• [ASSIGNMENT]: Only the lines from the one containing "٤٧٨٧ - حدَّثنا" through the end of the records should be retyped, exactly and including both ends; pictures stay out.

Records excerpted from a collection:

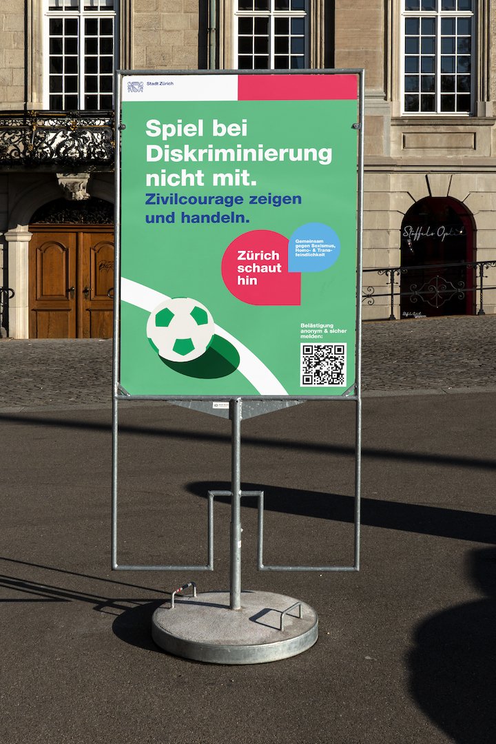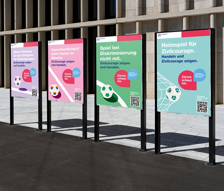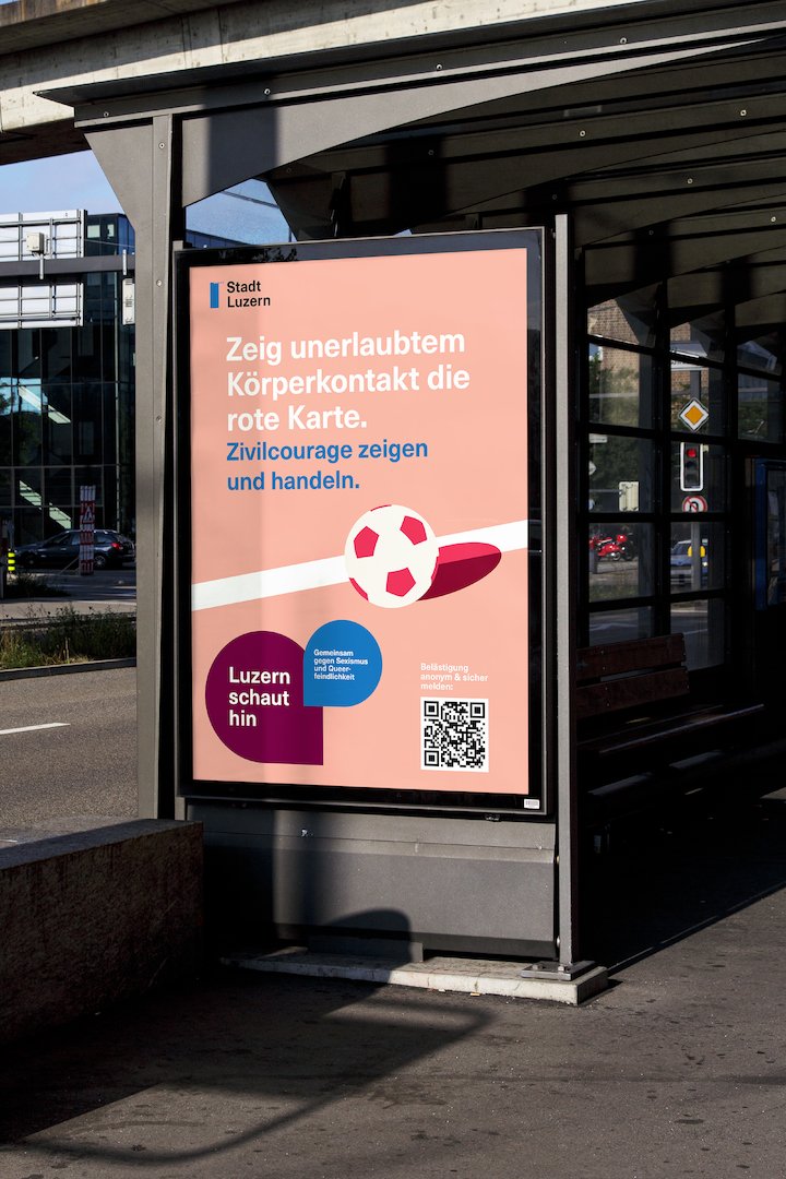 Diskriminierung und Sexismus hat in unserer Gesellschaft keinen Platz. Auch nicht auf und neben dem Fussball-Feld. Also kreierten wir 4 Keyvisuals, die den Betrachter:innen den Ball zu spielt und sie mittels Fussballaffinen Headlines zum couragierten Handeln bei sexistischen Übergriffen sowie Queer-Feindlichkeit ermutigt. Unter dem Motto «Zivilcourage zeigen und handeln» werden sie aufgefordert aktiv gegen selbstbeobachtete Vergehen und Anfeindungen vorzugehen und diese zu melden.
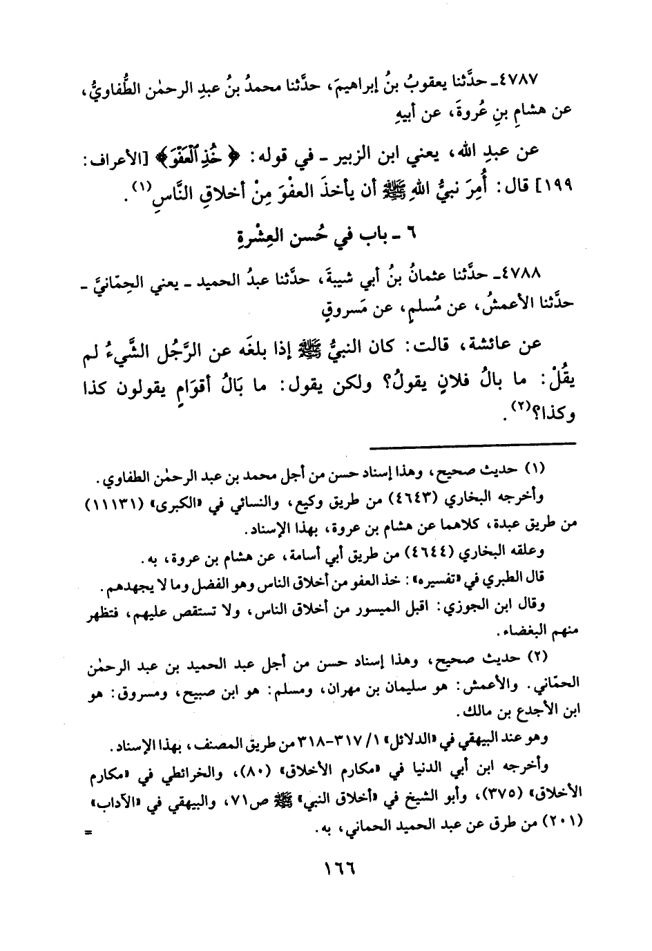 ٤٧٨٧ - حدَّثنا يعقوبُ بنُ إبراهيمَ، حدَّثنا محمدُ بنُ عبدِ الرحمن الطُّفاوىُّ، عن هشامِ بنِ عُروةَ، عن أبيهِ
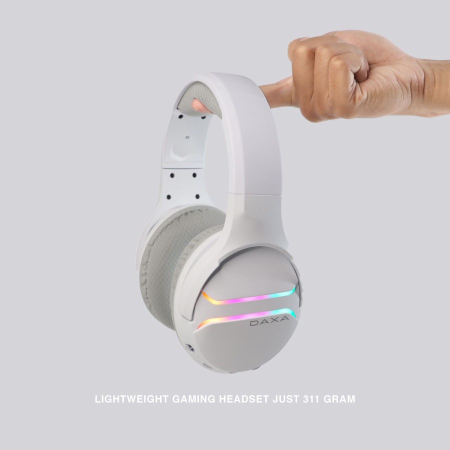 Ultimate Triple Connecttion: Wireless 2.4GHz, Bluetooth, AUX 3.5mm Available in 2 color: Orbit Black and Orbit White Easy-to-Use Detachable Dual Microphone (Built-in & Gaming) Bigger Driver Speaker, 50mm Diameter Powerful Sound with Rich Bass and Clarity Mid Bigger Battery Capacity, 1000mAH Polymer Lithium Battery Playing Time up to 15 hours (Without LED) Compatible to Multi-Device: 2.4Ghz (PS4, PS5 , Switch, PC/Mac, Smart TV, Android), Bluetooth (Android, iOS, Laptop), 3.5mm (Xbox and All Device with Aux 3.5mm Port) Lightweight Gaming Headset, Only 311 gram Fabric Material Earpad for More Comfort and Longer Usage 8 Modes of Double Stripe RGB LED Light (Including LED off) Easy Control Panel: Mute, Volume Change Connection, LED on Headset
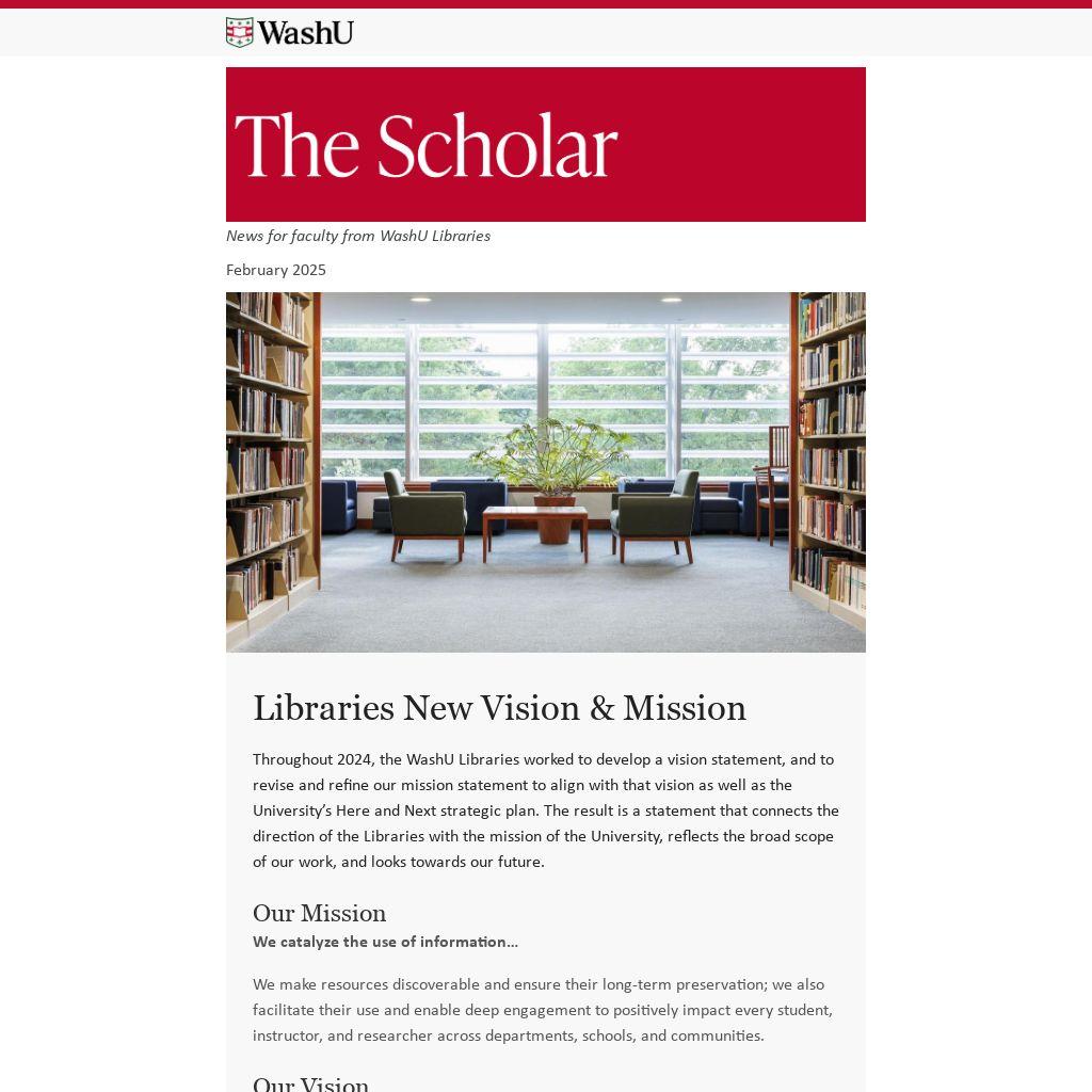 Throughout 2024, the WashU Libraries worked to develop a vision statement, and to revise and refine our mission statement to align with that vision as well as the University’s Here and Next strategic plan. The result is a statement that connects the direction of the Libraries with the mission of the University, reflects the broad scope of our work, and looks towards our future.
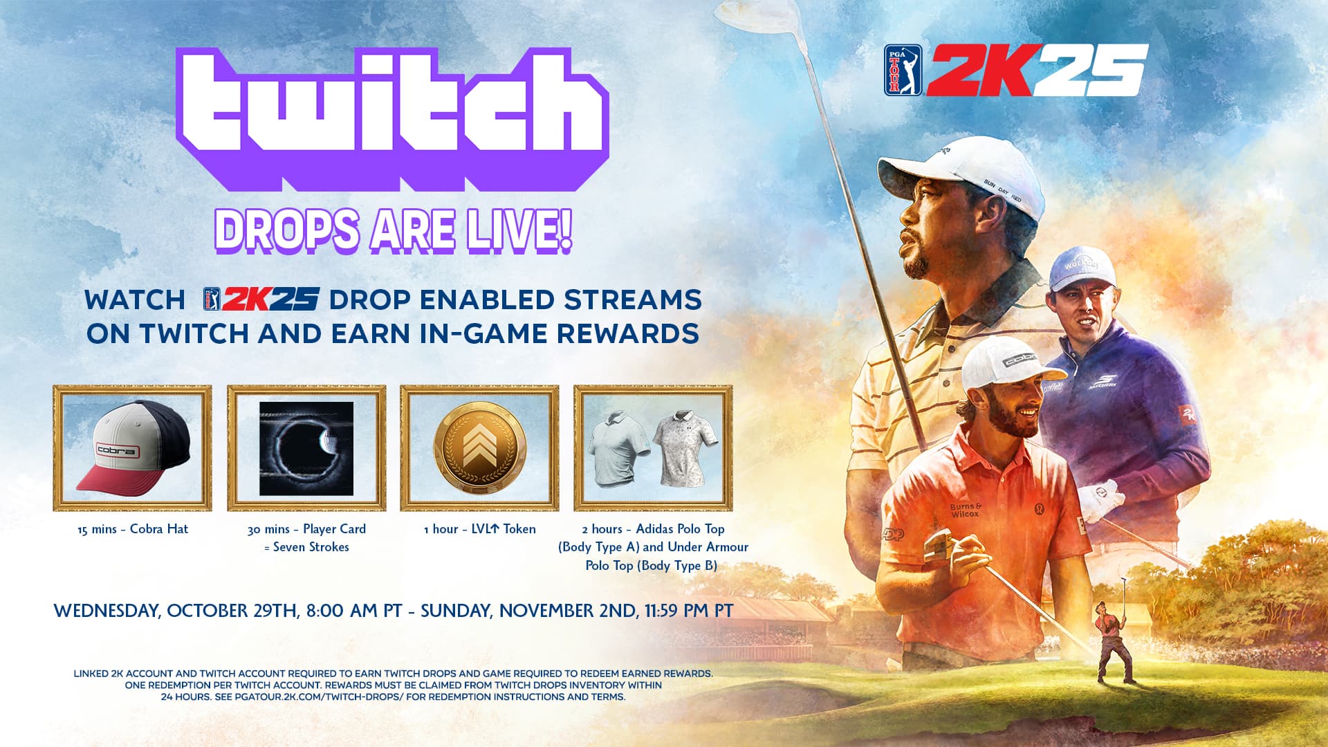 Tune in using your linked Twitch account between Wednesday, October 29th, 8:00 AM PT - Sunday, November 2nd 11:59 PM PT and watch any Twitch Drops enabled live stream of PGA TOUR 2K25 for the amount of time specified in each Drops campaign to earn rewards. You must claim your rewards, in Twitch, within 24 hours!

• [TASK SOLUTION]:
 ٤٧٨٧ - حدَّثنا يعقوبُ بنُ إبراهيمَ، حدَّثنا محمدُ بنُ عبدِ الرحمن الطُّفاوىُّ، عن هشامِ بنِ عُروةَ، عن أبيهِ
 Ultimate Triple Connecttion: Wireless 2.4GHz, Bluetooth, AUX 3.5mm Available in 2 color: Orbit Black and Orbit White Easy-to-Use Detachable Dual Microphone (Built-in & Gaming) Bigger Driver Speaker, 50mm Diameter Powerful Sound with Rich Bass and Clarity Mid Bigger Battery Capacity, 1000mAH Polymer Lithium Battery Playing Time up to 15 hours (Without LED) Compatible to Multi-Device: 2.4Ghz (PS4, PS5 , Switch, PC/Mac, Smart TV, Android), Bluetooth (Android, iOS, Laptop), 3.5mm (Xbox and All Device with Aux 3.5mm Port) Lightweight Gaming Headset, Only 311 gram Fabric Material Earpad for More Comfort and Longer Usage 8 Modes of Double Stripe RGB LED Light (Including LED off) Easy Control Panel: Mute, Volume Change Connection, LED on Headset
 Throughout 2024, the WashU Libraries worked to develop a vision statement, and to revise and refine our mission statement to align with that vision as well as the University’s Here and Next strategic plan. The result is a statement that connects the direction of the Libraries with the mission of the University, reflects the broad scope of our work, and looks towards our future.
 Tune in using your linked Twitch account between Wednesday, October 29th, 8:00 AM PT - Sunday, November 2nd 11:59 PM PT and watch any Twitch Drops enabled live stream of PGA TOUR 2K25 for the amount of time specified in each Drops campaign to earn rewards. You must claim your rewards, in Twitch, within 24 hours!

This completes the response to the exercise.